For the most part, this document will present the functionalities of the function surveysd::calc.stError()
which generates point estimates and standard errors for user-supplied estimation functions.
In order to use a dataset with calc.stError()
, several weight columns have to be present. Each weight column corresponds to a bootstrap sample. In the following examples, we will use the data from demo.eusilc()
and attach the bootstrap weights using draw.bootstrap()
and recalib()
. Please refer to the documentation of those functions for more detail.
library(surveysd)
set.seed(1234)
eusilc <- demo.eusilc(prettyNames = TRUE)
dat_boot <- draw.bootstrap(eusilc, REP = 10, hid = "hid", weights = "pWeight",
strata = "region", period = "year")
dat_boot_calib <- recalib(dat_boot, conP.var = "gender", conH.var = "region",
epsP = 1e-2, epsH = 2.5e-2, verbose = FALSE)
dat_boot_calib[, onePerson := nrow(.SD) == 1, by = .(year, hid)]
## print part of the dataset
dat_boot_calib[1:5, .(year, povertyRisk, eqIncome, onePerson, pWeight, w1, w2, w3, w4, w5)]

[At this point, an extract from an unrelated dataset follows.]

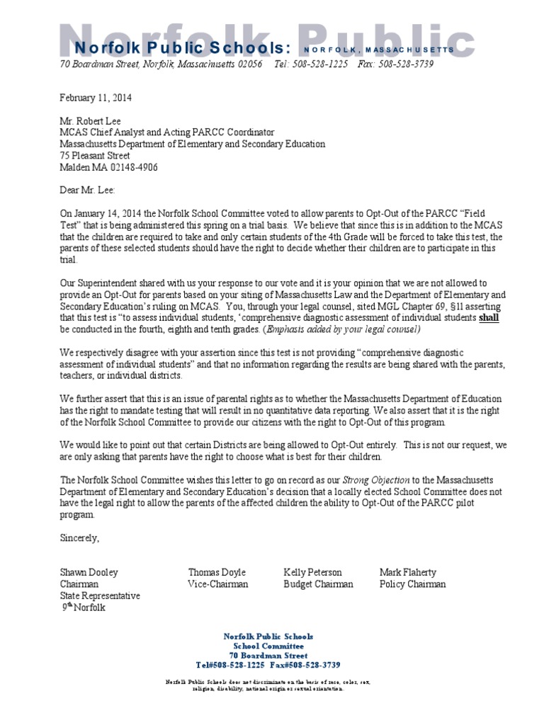 Mr. Robert Lee MCAS Chief Analyst and Acting ARCC Coordinator Massachusetts !e"art#ent of $le#entary and Secondary $ducation %& leasant Street Malden MA 0214'(4)0* !ear Mr. Lee+ ,n -anuary 14, 2014 the .orfol/ School Co##ittee 0oted to allo1 "arents to ,"t(,ut of the ARCC 2Field 3est4 that is being ad#inistered this s"ring on a trial basis. 5e belie0e that since this is in addition to the MCAS that the children are re6uired to ta/e and only certain students of the 4th 7rade 1ill be forced to ta/e this test, the "arents of these selected students should ha0e the right to decide 1hether their children are to "artici"ate in this trial. ,ur Su"erintendent shared 1ith us your res"onse to our 0ote and it is your o"inion that 1e are not allo1ed to "ro0ide an ,"t(,ut for "arents based on your siting of Massachusetts La1 and the !e"art#ent of $le#entary and Secondary $ducation8s ruling on MCAS. 9ou, through your legal counsel, sited M7L Cha"ter *), 1l asserting that this test is 2to assess indi0idual students, :co#"rehensi0e diagnostic assess#ent of indi0idual students shall be conducted in the fourth, eighth and tenth grades. ;$m%has&s added '( (our le)al counsel* 5e res"ecti0ely disagree 1ith your assertion since this test is not "ro0iding 2co#"rehensi0e diagnostic assess#ent of indi0idual students4 and that no infor#ation regarding the results are being shared 1ith the "arents, teachers, or indi0idual districts. 5e further assert that this is an issue of "arental rights as to 1hether the Massachusetts !e"art#ent of $ducation has the right to #andate testing that 1ill result in no 6uantitati0e data re"orting. 5e also assert that it is the right of the .orfol/ School Co##ittee to "ro0ide our citi<ens 1ith the right to ,"t(,ut of this "rogra#. 5e 1ould li/e to "oint out that certain !istricts are being allo1ed to ,"t(,ut entirely. 3his is not our re6uest, 1e are only as/ing that "arents ha0e the right to choose 1hat is best for their children. 3he .orfol/ School Co##ittee 1ishes this letter to go on record as our Stron) +',ect&on to the Massachusetts !e"art#ent of $le#entary and Secondary $ducation8s decision that a locally elected School Co##ittee does not ha0e the legal right to allo1 the "arents of the affected children the ability to ,"t(,ut of the ARCC "ilot "rogra#. Sincerely, Sha1n !ooley Chair#an State Re"resentati0e )th .orfol/ 3ho#as !oyle >ice(Chair#an =elly eterson ?udget Chair#an Mar/ Flaherty olicy Chair#an

## year povertyRisk eqIncome onePerson pWeight w1 w2 w3
## 1: 2010 FALSE 16090.69 FALSE 504.5696 0.4477743 1007.5651 0.4466992
## 2: 2010 FALSE 16090.69 FALSE 504.5696 0.4477743 1007.5651 0.4466992
## 3: 2010 FALSE 16090.69 FALSE 504.5696 0.4477743 1007.5651 0.4466992
## 4: 2011 FALSE 16090.69 FALSE 504.5696 0.4237016 968.2711 0.4468813
## 5: 2011 FALSE 16090.69 FALSE 504.5696 0.4237016 968.2711 0.4468813
## w4 w5
## 1: 0.4489062 1019.721
## 2: 0.4489062 1019.721
## 3: 0.4489062 1019.721
## 4: 0.4654705 1005.100
## 5: 0.4654705 1005.100
The parameters fun
and var
in calc.stError()
define the estimator to be used in the error analysis. There are two built-in estimator functions weightedSum()
and weightedRatio()
which can be used as follows.
povertyRate <- calc.stError(dat_boot_calib, var = "povertyRisk", fun = weightedRatio)
totalIncome <- calc.stError(dat_boot_calib, var = "eqIncome", fun = weightedSum)
Those functions calculate the ratio of persons at risk of poverty (in percent) and the total income. By default, the results are calculated separately for each reference period.
povertyRate$Estimates
## year n N val_povertyRisk stE_povertyRisk
## 1: 2010 14827 8182222 14.44422 0.5838199
## 2: 2011 14827 8182222 14.77393 0.6771848
## 3: 2012 14827 8182222 15.04515 0.4907275
## 4: 2013 14827 8182222 14.89013 0.4756386
## 5: 2014 14827 8182222 15.14556 0.5195149
## 6: 2015 14827 8182222 15.53640 0.4808834
## 7: 2016 14827 8182222 15.08315 0.3566648
## 8: 2017 14827 8182222 15.42019 0.5592589
totalIncome$Estimates
## year n N val_eqIncome stE_eqIncome
## 1: 2010 14827 8182222 162750998071 960851034
## 2: 2011 14827 8182222 161926931417 901915958
## 3: 2012 14827 8182222 162576509628 1198230549
## 4: 2013 14827 8182222 163199507862 1474893389
## 5: 2014 14827 8182222 163986275009 1528829971
## 6: 2015 14827 8182222 163416275447 1338217239
## 7: 2016 14827 8182222 162706205137 1207314432
## 8: 2017 14827 8182222 164314959107 1322744977
Columns that use the val_
prefix denote the point estimate belonging to the “main weight” of the dataset, which is pWeight
in case of the dataset used here.
Columns with the stE_
prefix denote standard errors calculated with bootstrap replicates. The replicates result in using w1
, w2
, …, w10
instead of pWeight
when applying the estimator.
n
denotes the number of observations for the year and N
denotes the total weight of those persons.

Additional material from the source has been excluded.